Dann der Höhepunkt der Volksnähe. Zwei Musikgesellschaften vereint intonieren im Hof des Stockalperschlosses den Marignano-Marsch, die offizielle Walliser Hymne, und der Bundesrat zieht dazu in corpore in den Hof. Die Musik ist ohrenbetäubend in den barocken Schlossgemäuern, es ist ein Einmarsch wie aus einer Verdi-Oper. Albert Rösti ist so ergriffen vom Moment, dass er – es muss eine Art magistraler Reflex sein – dem Publikum zuwinkt wie König Charles aus seiner Kutsche.
Die Regierungskörper
So volksnah wie auf dem Bundesratsreisli gibt sich die Landesregierung nie. Und auch selten so königlich. Schon im Mittelalter wurden Königen heilende Kräfte zugeschrieben. Wer den Körper des Königs berührte, wurde von Seuchen geheilt. «Le Roi te touche, Dieu te guérit», sagte man in Frankreich.

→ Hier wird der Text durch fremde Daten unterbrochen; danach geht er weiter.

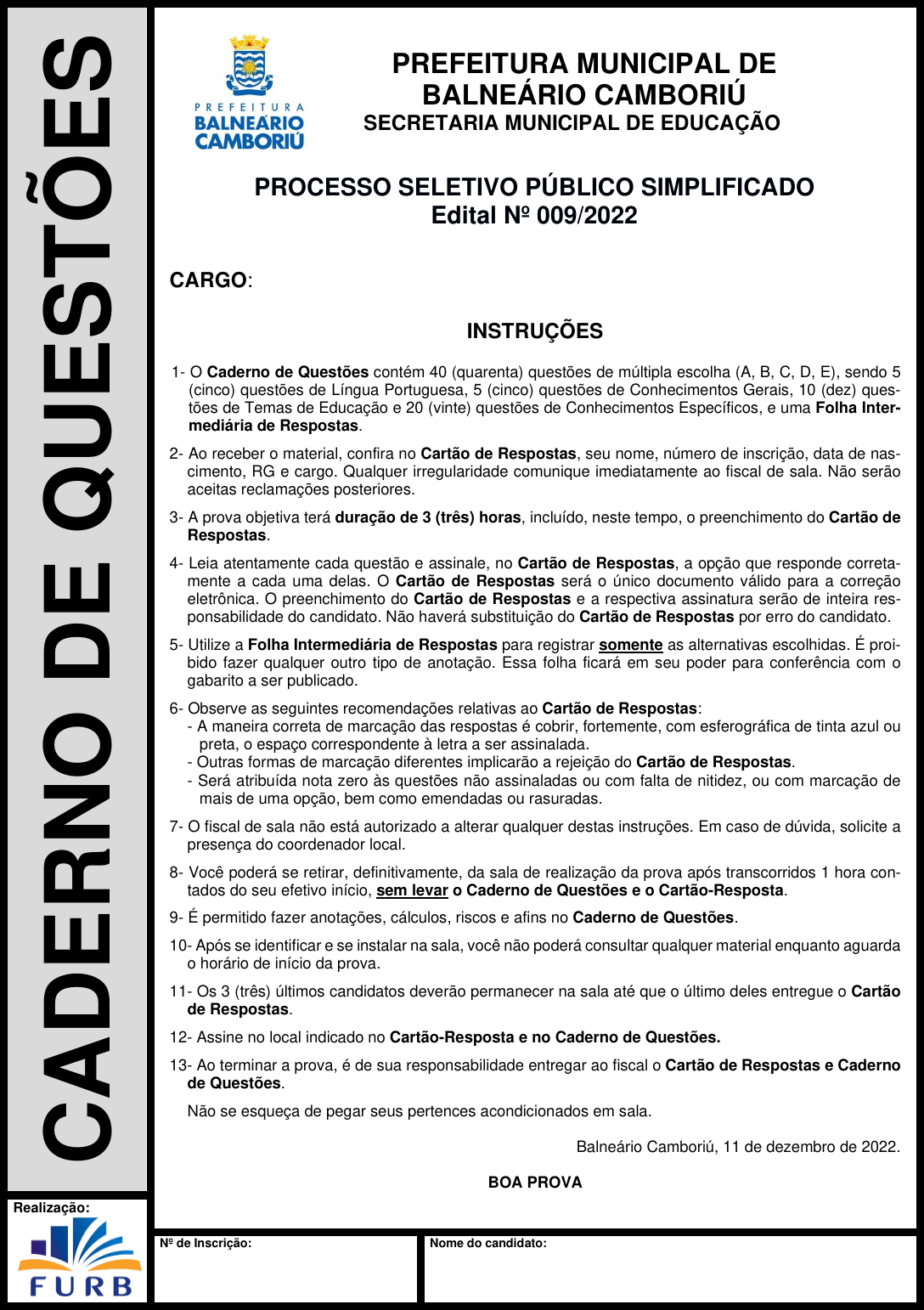 C A D E R N O D E Q U E S T Õ E S PREFEITURA MUNICIPAL DE BALNEÁRIO CAMBORIÚ SECRETARIA MUNICIPAL DE EDUCAÇÃO PROCESSO SELETIVO PÚBLICO SIMPLIFICADO Edital Nº 009/2022 CARGO: F INSTRUÇÕES 1- O Caderno de Questões contém 40 (quarenta) questões de múltipla escolha (A, B, C, D, E), sendo 5 (cinco) questões de Língua Portuguesa, 5 (cinco) questões de Conhecimentos Gerais, 10 (dez) ques- tões de Temas de Educação e 20 (vinte) questões de Conhecimentos Específicos, e uma Folha Inter- mediária de Respostas. 2- Ao receber o material, confira no Cartão de Respostas, seu nome, número de inscrição, data de nas- cimento, RG e cargo. Qualquer irregularidade comunique imediatamente ao fiscal de sala. Não serão aceitas reclamações posteriores. 3- A prova objetiva terá duração de 3 (três) horas, incluído, neste tempo, o preenchimento do Cartão de Respostas. 4- Leia atentamente cada questão e assinale, no Cartão de Respostas, a opção que responde correta- mente a cada uma delas. O Cartão de Respostas será o único documento válido para a correção eletrônica. O preenchimento do Cartão de Respostas e a respectiva assinatura serão de inteira res- ponsabilidade do candidato. Não haverá substituição do Cartão de Respostas por erro do candidato. 5- Utilize a Folha Intermediária de Respostas para registrar somente as alternativas escolhidas. É proi- bido fazer qualquer outro tipo de anotação. Essa folha ficará em seu poder para conferência com o gabarito a ser publicado. 6- Observe as seguintes recomendações relativas ao Cartão de Respostas: - A maneira correta de marcação das respostas é cobrir, fortemente, com esferográfica de tinta azul ou preta, o espaço correspondente à letra a ser assinalada. - Outras formas de marcação diferentes implicarão a rejeição do Cartão de Respostas. - Será atribuída nota zero às questões não assinaladas ou com falta de nitidez, ou com marcação de mais de uma opção, bem como emendadas ou rasuradas. 7- O fiscal de sala não está autorizado a alterar qualquer destas instruções. Em caso de dúvida, solicite a presença do coordenador local. 8- Você poderá se retirar, definitivamente, da sala de realização da prova após transcorridos 1 hora con- tados do seu efetivo início, sem levar o Caderno de Questões e o Cartão-Resposta. 9- É permitido fazer anotações, cálculos, riscos e afins no Caderno de Questões. 10- Após se identificar e se instalar na sala, você não poderá consultar qualquer material enquanto aguarda o horário de início da prova. 11- Os 3 (três) últimos candidatos deverão permanecer na sala até que o último deles entregue o Cartão de Respostas. 12- Assine no local indicado no Cartão-Resposta e no Caderno de Questões. 13- Ao terminar a prova, é de sua responsabilidade entregar ao fiscal o Cartão de Respostas e Caderno de Questões. Não se esqueça de pegar seus pertences acondicionados em sala. Balneário Camboriú, 11 de dezembro de 2022. BOA PROVA Realização: Nº de Inscrição: Nome do candidato: ESPECIALISTA EM EDUCAÇÃO: SUPERVISOR ESCOLAR 1 Língua Portuguesa O texto seguinte servirá de base para responder às questões de 1 a 5. Hábito de leitura estimula o cérebro e promove benefícios para a saúde mental Quem nunca estipulou como meta ler mais? Uma atividade com múltiplas funções, ler pode ser uma forma de entretenimento, um meio para se informar ou um dos caminhos mais simples e acessíveis para construir conhecimento. Independente da motivação, o processo de leitura também é capaz de auxiliar no desenvolvimento de habilidades, contribuindo, inclusive, para a saúde mental. De acordo com pesquisador do Instituto do Cérebro (InsCer) e professor da Escola de Ciências da Saúde e da Vida, Augusto Buchweitz, ler pode atuar como um exercício que estimula o cérebro. "O hábito de leitura tem relação comprovada com uma melhor qualidade de saúde mental. A leitura, por envolver imaginação, mentalização, antecipação e aprendizagem (sempre aprendemos, ao menos, palavras novas), funciona como um 'exercício' para o cérebro humano. Apesar de não ser um músculo, o nosso cérebro precisa ser estimulado", destaca o pesquisador.Outro fator que enfatiza a relação entre a leitura e a qualidade de saúde mental é ação da atividade na redução do estresse. A professora Aline Fay, coordenadora do curso de licenciatura em Letras com ênfase na Língua Inglesa, ressalta que pesquisas já demonstram resultados positivos sobre essa contribuição. "Uma pesquisa realizada pela Universidade de Sussex mostrou que ler ajuda a reduzir em até 68% os níveis de estresse. Durante o estudo, os sujeitos analisados diminuíram a frequência cardíaca e aliviaram a tensão dos músculos", salienta a professora. Os benefícios da leitura não atuam no nosso cérebro apenas no presente. Estudos apontam que ler pode ser uma forma de proteger a mente contra o surgimento de doenças neurodegenerativas. Segundo a professora Aline Fay, quando lemos, melhoramos o funcionamento cerebral, o que ajuda a "atrasar" sintomas de doenças como demência e Alzheimer. Ela destaca que inúmeras pesquisas comprovam o aumento das conexões neurais durante a leitura. Um desses estudos, realizado pela Universidade Emory, descobriu que ler afeta nosso cérebro da mesma forma como se realmente tivéssemos vivenciado os eventos sobre os quais estamos lendo. Diante disso, a professora ainda aponta que, ao lermos, podemos aumentar nossa empatia, ou seja, a capacidade de compreender ese solidarizar emocionalmente com o outro. Mas nem todos os gêneros agem da mesma forma. O professor Augusto Buchweitz afirma que, de acordo com o conteúdo de cada história, outras regiões cerebrais são ativadas, resultando em comportamentos, emoções e experiências distintas. "Durante a leitura de histórias de suspense, por exemplo, a ativação do cérebro tem relação direta com a experi

Und so drängen sich in diesem königlich wirkenden Stockalperschloss schwitzende Bürgerinnen und Bürger um die schwitzenden Körper ihrer Regierenden. Paul Imhof, ein Strahler aus Brig, hat ein Plastiksäckli mitgebracht. Er geht von einem Bundesratsmitglied zum nächsten, steht geduldig Schlange, bis er an der Reihe ist, und drückt dann jedem und jeder einen polierten Bergkristall in die Hand. «Hier haben Sie etwas Energie, Sie können sie brauchen.»
Und sei es nur, um den nächsten Walliser Apéro zu überstehen.